The results in Table 3 further highlight the relation between the selected cut points and the screening accuracy in predicting risk on the SESAT by way of screening indices. As previously discussed, it was important to strike a balance in the trade-off of index strength when selecting the most appropriate cut point. When administering any fewer than all 26 letters, the sensitivity values were well below the .90 or .80 threshold. Conversely, specificity only reached levels of .80 or greater when a cut point of 5, 10, or 15 letters were used. Negative predictive power remained relatively stable across all cut points, ranging from .71 for 5 letters to .89 for 26 letters, while somewhat more variable for positive predictive power, ranging from .46 for 26 letters to .76 for 5 letters. The overall correct classification index was fairly consistent in magnitude for the cut points of 5 to 20 (range = .72–.77), but dropped to .60 when all 26 letters were used. From these screening index results, it appeared that a cut-off score of 15 letters would be the most appropriate in predicting risk on the SESAT and provided the greatest balance across the five indices.

Table 3.

Screening Accuracy of Letter Clusters

Letter Cut
Points
SE SP NPP PPP OCC
5 .27 .95 .71 .76 .72
10 .36 .93 .73 .73 .73
15 .55 .88 .79 .72 .77
20 .63 .78 .80 .60 .73
26 .90 .43 .89 .46 .60

Note. SE = Sensitivity, SP = Specificity, NPP = Negative Predictive Power, PPP = Positive Predictive Power, OCC = Overall Correct Classification.
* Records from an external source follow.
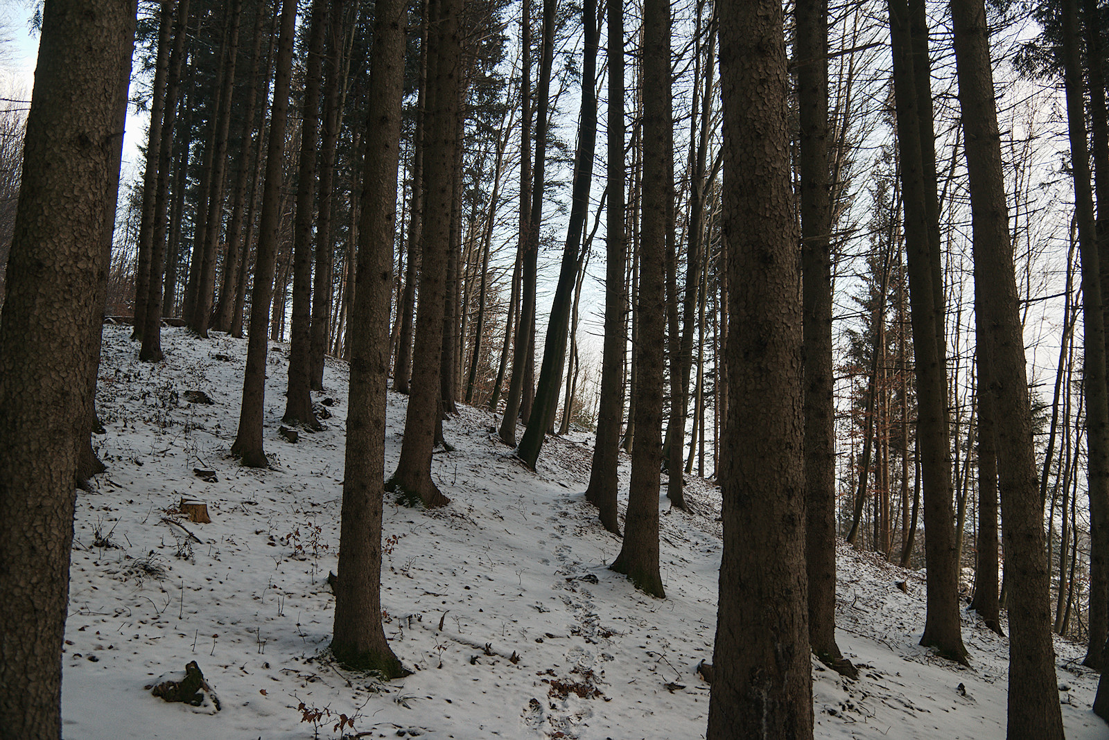 Ein kurzer Blick auf die Karte verrät mir, dass auch der Weg über den Wall zum Rundweg führt, ich also nicht mehr diesen steilen, schneebedeckten Weg zurück nehmen muss. So marschiere ich gemütlich auf dem Wall entlang, auf dem im Übrigen auch ein Karrenweg verläuft. Dieser bringt mich am Ende doch etwas steiler wieder zum Panoramaweg hinunter.
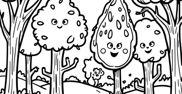 Погрузитесь в волшебный мир дружелюбных деревьев 🌳 где каждый лист и улыбка оживают в вашей раскраске 🎨 Простые и веселые картинки вдохновят детей на творчество
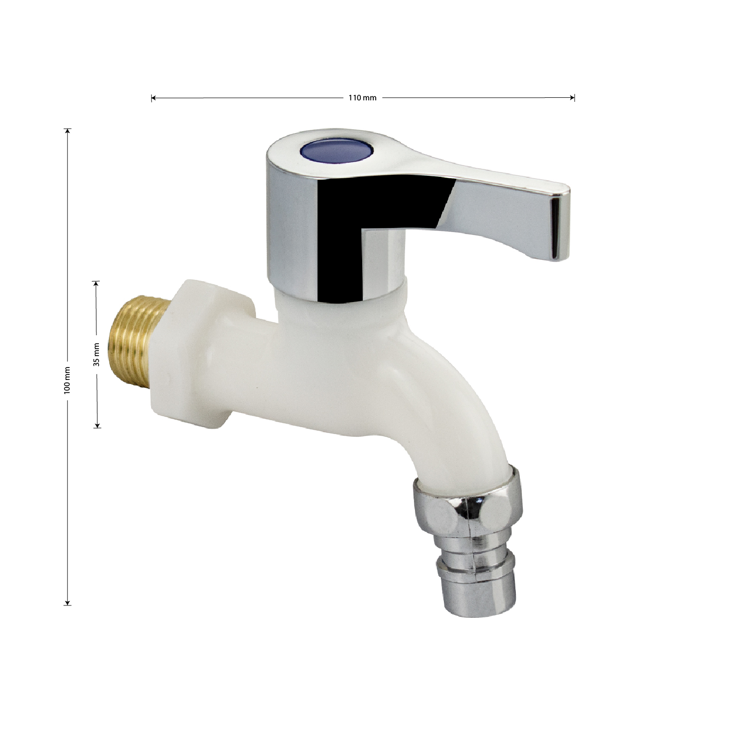 Кран водоразборный 1/2 из пластика АБС, ручка флажок, с латунной резьбой. Габаритные размеры: высота 100 мм, ширина 110 мм, диаметр посадочного седла 35 мм. Вес - 0,11 кг, объем 0,00044 м3.
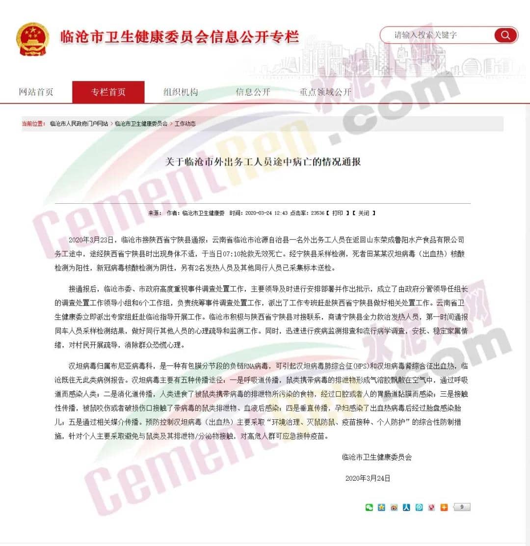 3月24日云南臨滄市健康委員會(huì)發(fā)布《關(guān)于臨滄市外出務(wù)工人員途中病亡情況的通報(bào)》稱,云南省臨滄市滄源自治縣一名外出務(wù)工人員在返回山東榮成魯陽水產(chǎn)食品有限公司務(wù)工途中,途經(jīng)陜西省寧陜縣時(shí)出現(xiàn)身體不適,于當(dāng)日07:10搶救無效死亡。經(jīng)寧陜縣采樣檢測(cè),死者田某某漢坦病毒(出血熱)核酸檢測(cè)為陽性,新冠病毒核酸檢測(cè)為陰性,另有2名發(fā)熱人員及其他同行人員已采集標(biāo)本送檢。
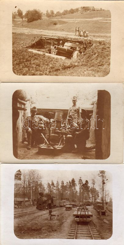 152 db első világháborús amatőr frontfotó képeslap albumban, nagyrészt tábori postával az orosz frontról Szegedre küldve. Érdekes jelenetek, táborí vasút, lezuhant repülőgép, ágyúk, fegyverek, magyar és német csapatok, élet a lövészárokban, stb. Rendkívül érdekes, egyedi tétel! / 152 versch. Amateur Frontfoto Karten aus Russland, teils mit Feldpost nach Szeged geschickt. Interess. Szenen, Feldbahn, Flugzeug, Kanonen, Waffen, ungarische und deutsche Truppen, Leben in Schützengraben, usw., bitte besichtigen!
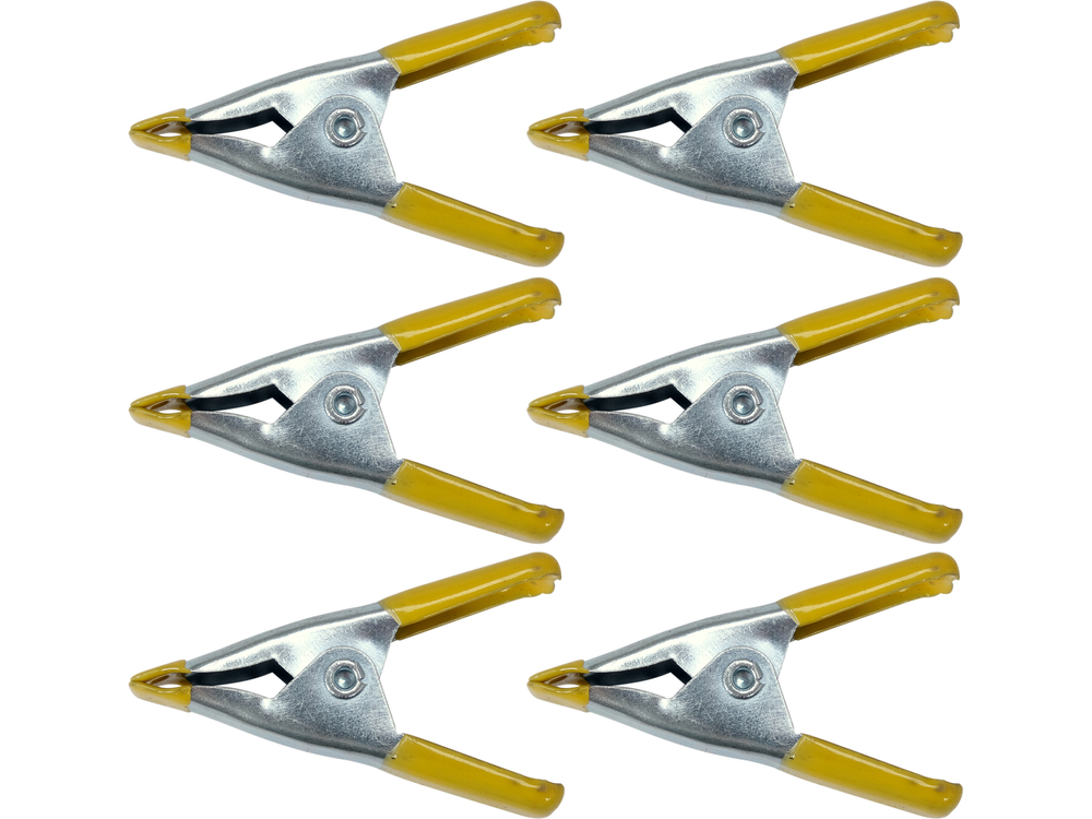 Arcuri de strângere realizate din tablă de oțel galvanizată. Mânerele și capetele de lucru sunt acoperite cu vinil galben.
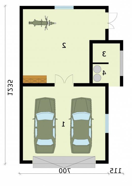 Garaż parterowy dwustanowiskowy z pomieszczeniem gospodarczym, ze składem na drewno i odpady.
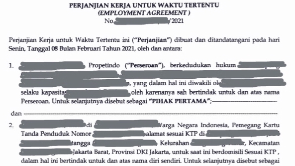 Pelayanan drafting kontrak/perjanjian/MoU dalam hal sewa-menyewa, jual-beli, kerjasama, karyawan dan sebagainya sesuai permintaan klien dan tentunya sesuai dengan ketentuan hukum yang berlaku. Hasil dapat direvisi sesuai dengan kebutuhan klien. Langkah Pekerjaan 1. Klien berkonsultasi perihal substansi dan tujuan penyusunan perjanjian 2. Kesepakatan harga 3. Klien memberikan informasi/data yang diperlukan dalam perjanjian yang akan disusun 4. Proses pengerjaan 5. Review dan revisi (jika ada) dari klien 6. Proses pengiriman hasil kerja jika sudah sesuai

However, to comprehensively determine which cut point would be most appropriate, the descriptive statistics of the proportion correct by demographic subgroups (Table 4) and the results from the differential accuracy analysis (Table 5) were used. When examining the drop-offs in the proportion correct in Table 4, it appeared that the 15-letter cut point provided the best balance in drop-off. Although there is no established rule for an optimum level of difficulty, a cut point at 15 letters appears to have reasonable ease for many demographic groups. The exception is for Latino students and ELL students, who had a success rate of 38% and 42%, respectively, when 15 letters were used. Moreover, the results from the series of logistic regressions (Table 5) suggested that no differential bias was observed in the prediction of risk on SESAT for any subgroup.

Table 4.

Proportion of Individuals by Subgroup Performing At or Above Selected Letter Cut Points

Gender
Race
Lunch Status
Language Status
Letter Cut
Points
Male Female White Black Latino FRL Non-FRL ELL Non-ELL
5 85 94 94 91 66 87 88 63 92
10 78 90 92 86 53 79 84 53 88
15 67 84 85 77 38 67 77 42 79
20 59 73 75 70 25 57 68 26 71
26 30 37 43 32 12 23 35 16 36

Note. FRL = Student is eligible for Free or Reduced-Price Lunch; ELL = English Language Learner.

Table 5.

F-Statistic for the Interaction Term in Detecting Differential Accuracy

Letter Cut
Points
Gender Race Lunch
Status
Language
Status
5 0.84 0.30 0.71 0.89
10 0.26 0.62 0.30 0.02
15 0.28 2.22 0.60 0.02
20 0.28 1.21 1.44 0.22
26 0.28 0.68 0.21 0.91

Note. p = ns for all F-statistic estimates.

DISCUSSION

The present study examined whether a hierarchical scale existed in a letter-name knowledge test, and if so, whether there is a difference in screening accuracy between a reduced set of letters and a full set of letters. A stochastic Mokken scale analysis and ROC curves were used for the former and latter, respectively. Results demonstrated that a hierarchical scale existed among items in a letter-name identification test and that only one scale was extracted. This finding was not surprising given the recent evidence regarding letter names as a unidimensional construct (Foorman, Torgesen, Crawford, & Petscher, 2009).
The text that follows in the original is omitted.